7th RISC-V conference videos - phkahler
https://www.youtube.com/channel/UC5gLmcFuvdGbajs4VL-WU3g
======
joshbaptiste
What a great time to be alive. On the server and desktop fronts we develop and
interact with software that runs mainly on the x86 instruction set
architectures (ISA), designed and created more than 30 years ago. Today we get
to see videos of engineers adapting algorithms and extensions to a relatively
new ISA to efficiently handle modern workloads. While the software side has
seen significant in roads with opensource at all levels of industry, data
centers with respect of the hardware is mainly proprietary and I think RISC-V
is the first step to change that.

------
Nomentatus
Some conference/workshop notes [http://www.lowrisc.org/blog/2017/11/seventh-
risc-v-workshop-...](http://www.lowrisc.org/blog/2017/11/seventh-risc-v-
workshop-day-two/)

------
nickik
Finally the videos are out. A lot of cool stuff going on.

I love what Esperanto is doing. Many people predict RISC-V to be mostly for
IoT but I hope they will really push forward high performance implementation.
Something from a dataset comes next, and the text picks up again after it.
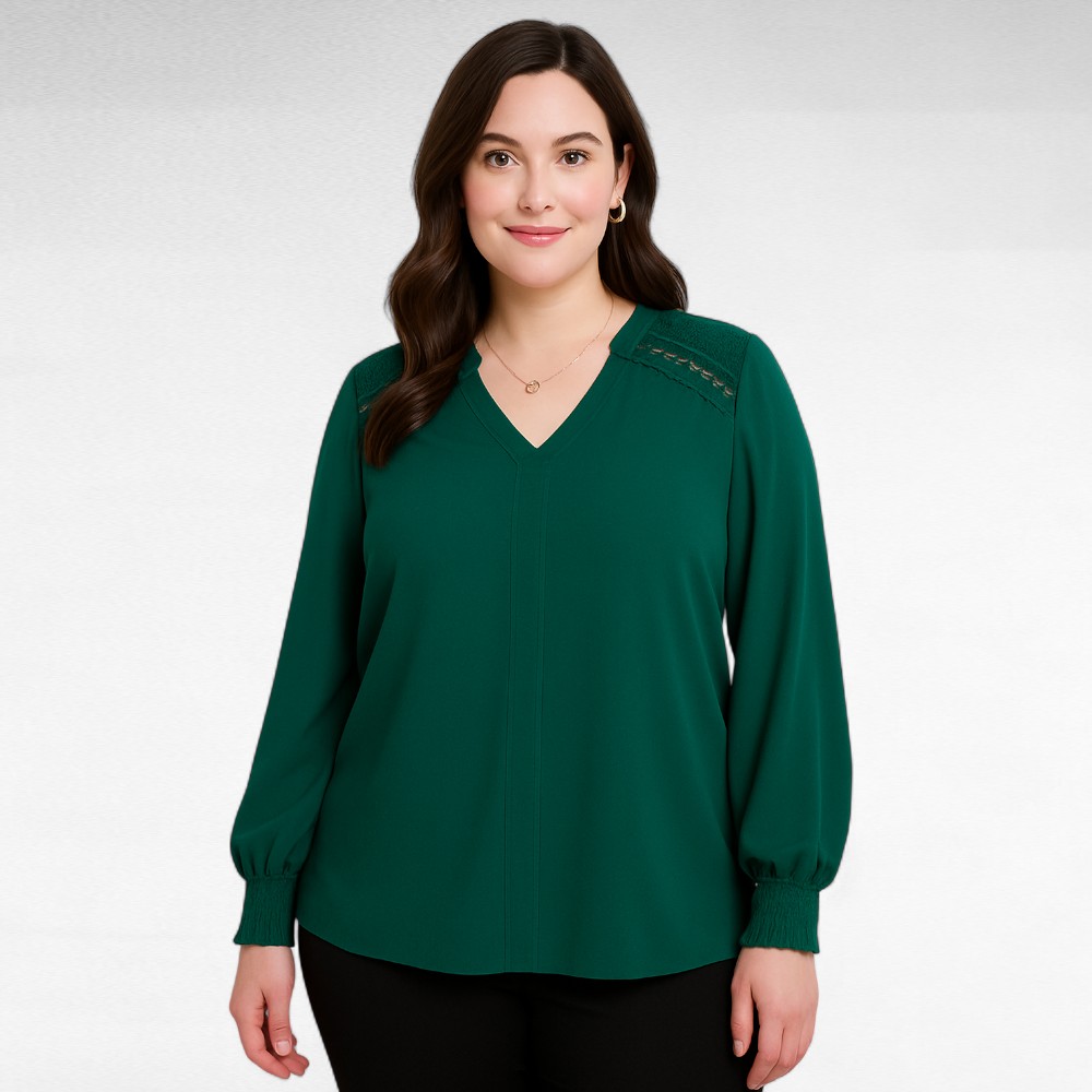 Väga kaunis tealtooni veidi kortsutatud riidest pikkade õlast kroogitud avarate varrukatega V-kaelusega pluus Inglismaalt firmalt “Julipa”. Varruka otstes on peenikesed kummid. Kaeluse ääres väike püstine pitsist äär, õla pealt pilutatud pitsiga kaunistused. Rinnaosas ees 1 peidetud pikivolt.

I don't quite understand how Boom and ET-Maxxon are related. Boom will remain
free but it seems ET-Maxxon will not be.

The Celerity also seems very intersting in this segment.

LowRisc will profit from this and will be able to integrate all these open
source implementations.

We are really moving in a direction where it is possible to have a open
software hardware stack running on your everyday device.

There will still be some third party IP and such but having an open source
core, SoC, firmware, kernal and userland will be fantastic. The third party IP
can be replaced step by step with open source efforts from the open source
community, the universities, government funds and buissness who want free IP.

I hope companies like System76 and Purism will push on delivering such a
laptop.

------
em3rgent0rdr
Nice, really excited about RISC-V!